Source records
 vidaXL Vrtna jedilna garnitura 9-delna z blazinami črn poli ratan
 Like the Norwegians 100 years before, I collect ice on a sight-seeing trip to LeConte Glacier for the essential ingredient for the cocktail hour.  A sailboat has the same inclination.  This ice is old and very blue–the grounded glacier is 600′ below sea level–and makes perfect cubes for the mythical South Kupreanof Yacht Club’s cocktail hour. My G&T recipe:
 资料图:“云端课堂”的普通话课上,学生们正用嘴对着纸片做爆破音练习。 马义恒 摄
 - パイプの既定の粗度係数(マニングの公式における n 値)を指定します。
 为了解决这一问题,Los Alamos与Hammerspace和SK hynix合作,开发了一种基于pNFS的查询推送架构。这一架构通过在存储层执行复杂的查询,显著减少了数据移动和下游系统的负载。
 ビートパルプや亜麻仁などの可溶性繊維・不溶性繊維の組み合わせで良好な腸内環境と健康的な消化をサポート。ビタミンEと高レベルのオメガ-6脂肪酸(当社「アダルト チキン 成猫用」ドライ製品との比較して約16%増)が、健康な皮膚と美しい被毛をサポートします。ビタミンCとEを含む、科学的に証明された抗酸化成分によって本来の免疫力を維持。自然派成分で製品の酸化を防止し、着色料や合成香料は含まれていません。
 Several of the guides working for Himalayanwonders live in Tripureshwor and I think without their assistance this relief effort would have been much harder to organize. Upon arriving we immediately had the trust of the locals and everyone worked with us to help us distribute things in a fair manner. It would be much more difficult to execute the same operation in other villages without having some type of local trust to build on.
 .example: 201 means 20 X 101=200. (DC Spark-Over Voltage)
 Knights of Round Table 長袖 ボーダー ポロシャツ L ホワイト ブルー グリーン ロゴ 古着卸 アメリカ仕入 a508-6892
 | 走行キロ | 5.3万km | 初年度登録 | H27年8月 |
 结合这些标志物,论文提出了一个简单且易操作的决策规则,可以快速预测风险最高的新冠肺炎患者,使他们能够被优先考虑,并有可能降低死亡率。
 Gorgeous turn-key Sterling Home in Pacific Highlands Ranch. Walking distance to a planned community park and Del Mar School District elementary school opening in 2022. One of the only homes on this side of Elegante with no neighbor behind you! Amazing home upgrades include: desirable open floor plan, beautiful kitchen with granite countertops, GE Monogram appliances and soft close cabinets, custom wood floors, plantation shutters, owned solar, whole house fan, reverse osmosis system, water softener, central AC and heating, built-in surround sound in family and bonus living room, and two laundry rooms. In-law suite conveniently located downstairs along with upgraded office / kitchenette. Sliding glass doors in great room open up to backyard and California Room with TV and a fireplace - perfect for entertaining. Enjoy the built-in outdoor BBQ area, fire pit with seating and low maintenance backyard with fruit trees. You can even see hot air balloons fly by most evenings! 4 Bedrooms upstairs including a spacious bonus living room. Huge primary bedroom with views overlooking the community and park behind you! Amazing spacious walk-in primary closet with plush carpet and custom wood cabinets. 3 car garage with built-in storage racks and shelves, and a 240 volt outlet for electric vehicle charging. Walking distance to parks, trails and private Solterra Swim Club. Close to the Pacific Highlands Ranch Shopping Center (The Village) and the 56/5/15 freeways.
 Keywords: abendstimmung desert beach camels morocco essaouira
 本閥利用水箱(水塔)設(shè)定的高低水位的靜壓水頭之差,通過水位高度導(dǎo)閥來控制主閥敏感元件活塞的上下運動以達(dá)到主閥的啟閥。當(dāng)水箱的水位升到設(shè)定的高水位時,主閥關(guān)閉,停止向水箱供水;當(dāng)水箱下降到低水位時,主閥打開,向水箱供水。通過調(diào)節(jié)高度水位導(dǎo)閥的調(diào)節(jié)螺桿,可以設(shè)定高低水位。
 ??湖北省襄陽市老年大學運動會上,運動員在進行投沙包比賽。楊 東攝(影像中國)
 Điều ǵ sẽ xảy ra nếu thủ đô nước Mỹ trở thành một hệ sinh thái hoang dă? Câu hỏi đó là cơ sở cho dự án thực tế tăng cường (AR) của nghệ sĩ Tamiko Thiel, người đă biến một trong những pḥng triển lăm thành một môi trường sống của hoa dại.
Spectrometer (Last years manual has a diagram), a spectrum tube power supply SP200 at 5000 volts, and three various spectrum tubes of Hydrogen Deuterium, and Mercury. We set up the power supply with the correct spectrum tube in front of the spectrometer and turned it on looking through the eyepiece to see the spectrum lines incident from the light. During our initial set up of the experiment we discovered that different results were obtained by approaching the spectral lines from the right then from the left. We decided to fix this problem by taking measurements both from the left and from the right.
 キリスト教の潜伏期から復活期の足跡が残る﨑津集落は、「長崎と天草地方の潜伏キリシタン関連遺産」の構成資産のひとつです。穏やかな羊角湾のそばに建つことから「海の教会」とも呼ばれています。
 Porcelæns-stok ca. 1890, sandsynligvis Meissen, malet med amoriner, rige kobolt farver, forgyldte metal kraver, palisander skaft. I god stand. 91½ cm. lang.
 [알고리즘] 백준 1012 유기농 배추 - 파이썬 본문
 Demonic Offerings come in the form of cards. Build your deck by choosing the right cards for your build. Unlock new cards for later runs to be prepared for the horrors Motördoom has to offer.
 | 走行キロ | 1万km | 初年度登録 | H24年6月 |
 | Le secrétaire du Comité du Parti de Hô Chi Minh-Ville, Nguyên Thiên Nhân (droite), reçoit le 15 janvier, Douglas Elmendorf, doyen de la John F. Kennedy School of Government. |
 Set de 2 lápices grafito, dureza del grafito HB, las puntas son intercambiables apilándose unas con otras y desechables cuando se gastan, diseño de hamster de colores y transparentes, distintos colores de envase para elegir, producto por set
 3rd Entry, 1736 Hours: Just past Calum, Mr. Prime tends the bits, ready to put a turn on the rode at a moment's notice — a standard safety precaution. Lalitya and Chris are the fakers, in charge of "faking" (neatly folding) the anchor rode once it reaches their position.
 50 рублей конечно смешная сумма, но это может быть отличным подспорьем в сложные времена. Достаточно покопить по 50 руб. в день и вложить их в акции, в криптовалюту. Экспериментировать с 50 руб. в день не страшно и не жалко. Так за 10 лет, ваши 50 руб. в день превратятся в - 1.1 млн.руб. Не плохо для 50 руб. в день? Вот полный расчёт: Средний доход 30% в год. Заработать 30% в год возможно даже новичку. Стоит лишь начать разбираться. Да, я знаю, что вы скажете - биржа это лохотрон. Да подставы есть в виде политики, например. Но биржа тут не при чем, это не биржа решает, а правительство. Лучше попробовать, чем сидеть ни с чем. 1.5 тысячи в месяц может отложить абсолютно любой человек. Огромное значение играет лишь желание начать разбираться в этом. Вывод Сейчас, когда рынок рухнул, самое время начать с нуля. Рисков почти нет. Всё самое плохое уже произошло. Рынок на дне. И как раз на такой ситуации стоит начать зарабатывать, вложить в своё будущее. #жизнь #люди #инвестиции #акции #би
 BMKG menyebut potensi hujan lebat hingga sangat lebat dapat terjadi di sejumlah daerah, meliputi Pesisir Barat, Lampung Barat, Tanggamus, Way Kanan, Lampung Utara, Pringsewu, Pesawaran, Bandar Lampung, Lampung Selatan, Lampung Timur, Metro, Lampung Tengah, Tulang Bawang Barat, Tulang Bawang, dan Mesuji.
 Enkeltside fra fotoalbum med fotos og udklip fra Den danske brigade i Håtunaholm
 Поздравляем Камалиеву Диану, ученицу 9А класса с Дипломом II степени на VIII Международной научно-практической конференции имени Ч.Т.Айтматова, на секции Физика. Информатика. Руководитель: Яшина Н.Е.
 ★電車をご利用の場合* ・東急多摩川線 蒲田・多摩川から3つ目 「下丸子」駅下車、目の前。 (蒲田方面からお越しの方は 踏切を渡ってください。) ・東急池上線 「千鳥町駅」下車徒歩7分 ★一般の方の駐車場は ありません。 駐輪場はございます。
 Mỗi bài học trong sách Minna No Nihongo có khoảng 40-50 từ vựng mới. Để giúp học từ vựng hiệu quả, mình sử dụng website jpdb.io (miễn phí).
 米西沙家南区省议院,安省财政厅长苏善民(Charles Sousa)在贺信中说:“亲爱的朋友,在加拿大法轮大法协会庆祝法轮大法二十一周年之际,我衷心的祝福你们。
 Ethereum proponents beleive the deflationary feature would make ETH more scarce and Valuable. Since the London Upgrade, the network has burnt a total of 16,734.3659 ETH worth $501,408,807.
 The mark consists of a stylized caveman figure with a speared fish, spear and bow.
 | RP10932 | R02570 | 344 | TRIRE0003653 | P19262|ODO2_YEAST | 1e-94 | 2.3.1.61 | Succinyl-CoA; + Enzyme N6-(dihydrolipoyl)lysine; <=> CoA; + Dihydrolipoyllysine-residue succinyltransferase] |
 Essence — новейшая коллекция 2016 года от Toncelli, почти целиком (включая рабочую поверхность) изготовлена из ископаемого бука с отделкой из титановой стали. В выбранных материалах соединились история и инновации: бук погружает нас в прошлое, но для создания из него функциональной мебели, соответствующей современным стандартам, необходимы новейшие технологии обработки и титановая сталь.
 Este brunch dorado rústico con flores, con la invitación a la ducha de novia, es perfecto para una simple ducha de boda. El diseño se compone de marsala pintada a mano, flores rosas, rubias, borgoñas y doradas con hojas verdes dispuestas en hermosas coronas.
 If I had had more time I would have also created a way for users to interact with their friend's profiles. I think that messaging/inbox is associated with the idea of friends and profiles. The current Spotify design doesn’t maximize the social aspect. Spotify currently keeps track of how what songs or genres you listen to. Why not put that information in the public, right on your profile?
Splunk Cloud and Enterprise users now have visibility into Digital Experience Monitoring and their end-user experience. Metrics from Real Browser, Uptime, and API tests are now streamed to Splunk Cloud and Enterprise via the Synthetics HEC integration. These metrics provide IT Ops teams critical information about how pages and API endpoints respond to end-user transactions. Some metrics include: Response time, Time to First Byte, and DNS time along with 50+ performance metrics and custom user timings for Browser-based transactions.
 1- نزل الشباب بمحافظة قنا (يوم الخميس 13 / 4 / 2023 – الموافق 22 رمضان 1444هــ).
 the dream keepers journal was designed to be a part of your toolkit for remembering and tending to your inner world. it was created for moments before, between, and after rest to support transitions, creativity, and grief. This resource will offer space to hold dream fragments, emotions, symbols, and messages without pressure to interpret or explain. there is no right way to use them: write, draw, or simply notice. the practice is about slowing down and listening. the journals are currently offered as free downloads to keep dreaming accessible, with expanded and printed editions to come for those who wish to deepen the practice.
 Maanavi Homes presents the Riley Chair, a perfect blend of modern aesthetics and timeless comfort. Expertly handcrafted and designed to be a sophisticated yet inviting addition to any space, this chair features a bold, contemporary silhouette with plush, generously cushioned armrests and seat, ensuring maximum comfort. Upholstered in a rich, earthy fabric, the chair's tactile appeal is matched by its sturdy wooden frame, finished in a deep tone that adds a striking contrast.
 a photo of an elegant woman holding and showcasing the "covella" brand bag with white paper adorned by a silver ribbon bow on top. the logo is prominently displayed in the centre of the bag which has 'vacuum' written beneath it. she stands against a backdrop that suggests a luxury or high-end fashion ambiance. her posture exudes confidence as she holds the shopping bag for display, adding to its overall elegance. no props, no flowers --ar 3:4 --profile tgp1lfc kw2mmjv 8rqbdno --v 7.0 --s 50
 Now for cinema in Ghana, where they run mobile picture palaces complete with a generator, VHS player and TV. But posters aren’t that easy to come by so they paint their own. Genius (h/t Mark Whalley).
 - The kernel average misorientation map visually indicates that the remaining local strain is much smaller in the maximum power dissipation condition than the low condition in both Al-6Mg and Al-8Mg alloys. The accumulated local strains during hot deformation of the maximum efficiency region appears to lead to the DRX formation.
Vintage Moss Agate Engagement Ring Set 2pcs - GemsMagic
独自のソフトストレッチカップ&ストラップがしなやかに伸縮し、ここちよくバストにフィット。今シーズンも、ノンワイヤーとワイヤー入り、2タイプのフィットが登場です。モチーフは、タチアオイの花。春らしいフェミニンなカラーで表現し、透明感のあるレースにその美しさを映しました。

- **What to do**
In the records above, find the line with "本閥利用水箱(水塔)設(sh"; write out exactly that line and each one after it, stopping after the line with "Điều ǵ sẽ xảy".

- **Problem solution**
 本閥利用水箱(水塔)設(shè)定的高低水位的靜壓水頭之差,通過水位高度導(dǎo)閥來控制主閥敏感元件活塞的上下運動以達(dá)到主閥的啟閥。當(dāng)水箱的水位升到設(shè)定的高水位時,主閥關(guān)閉,停止向水箱供水;當(dāng)水箱下降到低水位時,主閥打開,向水箱供水。通過調(diào)節(jié)高度水位導(dǎo)閥的調(diào)節(jié)螺桿,可以設(shè)定高低水位。
 ??湖北省襄陽市老年大學運動會上,運動員在進行投沙包比賽。楊 東攝(影像中國)
 Điều ǵ sẽ xảy ra nếu thủ đô nước Mỹ trở thành một hệ sinh thái hoang dă? Câu hỏi đó là cơ sở cho dự án thực tế tăng cường (AR) của nghệ sĩ Tamiko Thiel, người đă biến một trong những pḥng triển lăm thành một môi trường sống của hoa dại.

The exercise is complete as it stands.